• **Exercise goal**: Please repeat the lines below exactly. Begin with the line containing "CANADIENS COLORED COIN." and go on through the line containing "ROBUUSTE CONSTRUCTIE VAN".

++++ Available data

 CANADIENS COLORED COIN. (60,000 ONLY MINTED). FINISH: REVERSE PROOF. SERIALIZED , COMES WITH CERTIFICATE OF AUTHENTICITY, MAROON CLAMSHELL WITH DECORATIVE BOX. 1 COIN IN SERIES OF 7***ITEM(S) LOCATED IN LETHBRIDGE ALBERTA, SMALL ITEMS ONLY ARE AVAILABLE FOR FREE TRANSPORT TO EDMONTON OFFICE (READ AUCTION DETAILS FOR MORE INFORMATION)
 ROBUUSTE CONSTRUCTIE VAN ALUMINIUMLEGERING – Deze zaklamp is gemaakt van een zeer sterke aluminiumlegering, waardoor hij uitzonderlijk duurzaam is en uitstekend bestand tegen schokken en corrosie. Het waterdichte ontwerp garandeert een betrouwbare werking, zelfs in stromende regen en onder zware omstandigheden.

++++++++
++++ Available data

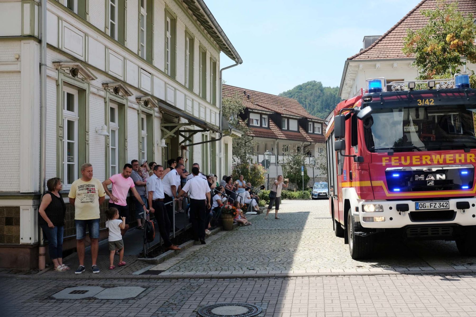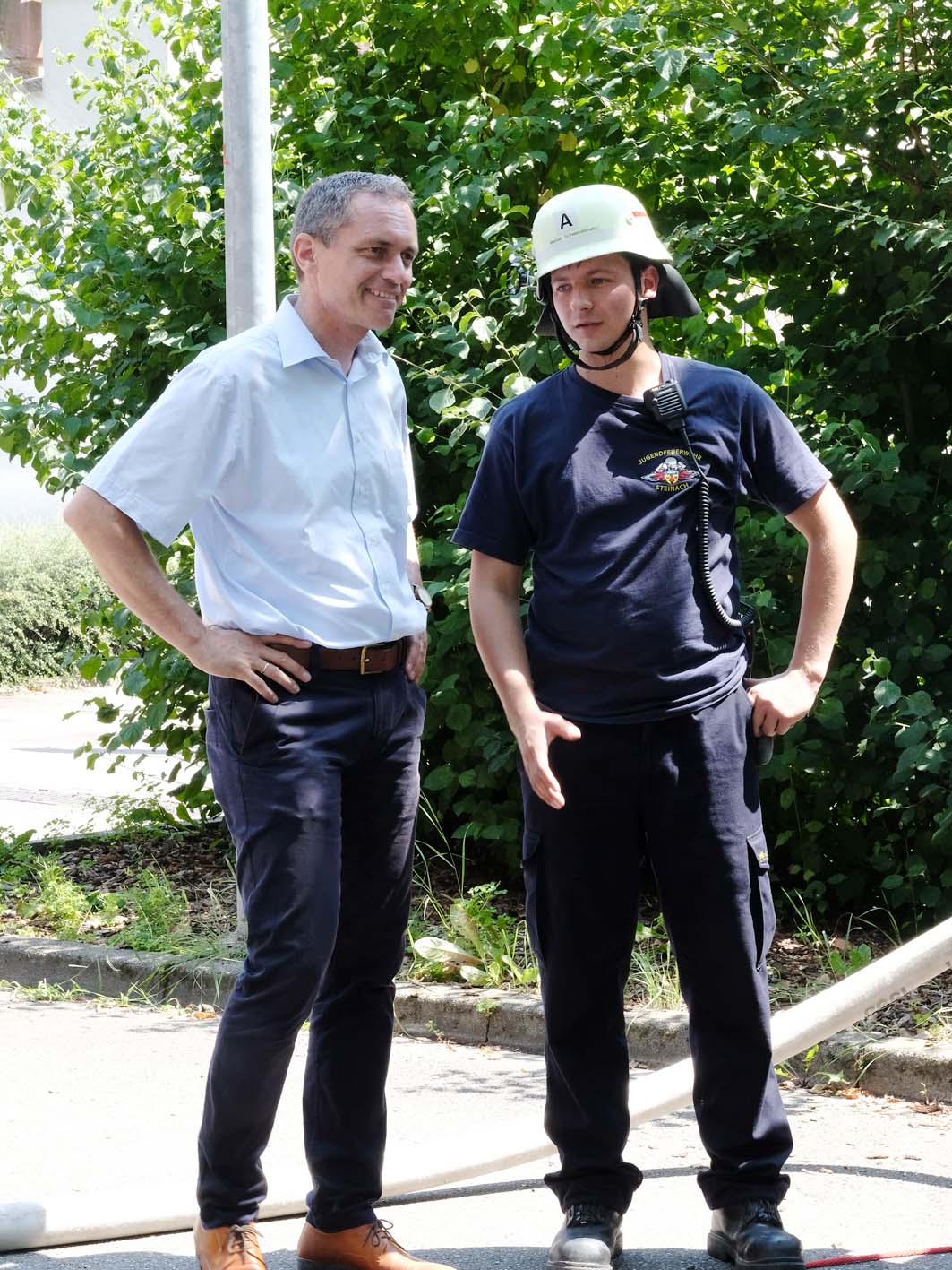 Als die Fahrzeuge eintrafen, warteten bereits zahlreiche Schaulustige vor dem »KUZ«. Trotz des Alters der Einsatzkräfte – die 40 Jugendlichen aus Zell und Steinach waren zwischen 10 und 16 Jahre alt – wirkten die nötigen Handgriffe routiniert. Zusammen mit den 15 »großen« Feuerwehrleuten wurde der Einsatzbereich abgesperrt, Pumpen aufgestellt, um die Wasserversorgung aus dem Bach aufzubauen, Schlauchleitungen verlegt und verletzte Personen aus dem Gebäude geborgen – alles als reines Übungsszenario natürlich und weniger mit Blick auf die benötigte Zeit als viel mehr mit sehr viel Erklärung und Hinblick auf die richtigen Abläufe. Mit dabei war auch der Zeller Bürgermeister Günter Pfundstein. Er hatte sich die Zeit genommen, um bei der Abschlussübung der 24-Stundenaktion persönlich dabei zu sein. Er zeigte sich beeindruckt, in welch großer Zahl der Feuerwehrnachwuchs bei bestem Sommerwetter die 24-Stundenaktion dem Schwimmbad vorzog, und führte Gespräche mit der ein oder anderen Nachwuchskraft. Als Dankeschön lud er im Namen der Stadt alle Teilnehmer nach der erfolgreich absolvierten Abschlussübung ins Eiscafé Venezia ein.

++++++++

• **Expected answer**:
 CANADIENS COLORED COIN. (60,000 ONLY MINTED). FINISH: REVERSE PROOF. SERIALIZED , COMES WITH CERTIFICATE OF AUTHENTICITY, MAROON CLAMSHELL WITH DECORATIVE BOX. 1 COIN IN SERIES OF 7***ITEM(S) LOCATED IN LETHBRIDGE ALBERTA, SMALL ITEMS ONLY ARE AVAILABLE FOR FREE TRANSPORT TO EDMONTON OFFICE (READ AUCTION DETAILS FOR MORE INFORMATION)
 ROBUUSTE CONSTRUCTIE VAN ALUMINIUMLEGERING – Deze zaklamp is gemaakt van een zeer sterke aluminiumlegering, waardoor hij uitzonderlijk duurzaam is en uitstekend bestand tegen schokken en corrosie. Het waterdichte ontwerp garandeert een betrouwbare werking, zelfs in stromende regen en onder zware omstandigheden.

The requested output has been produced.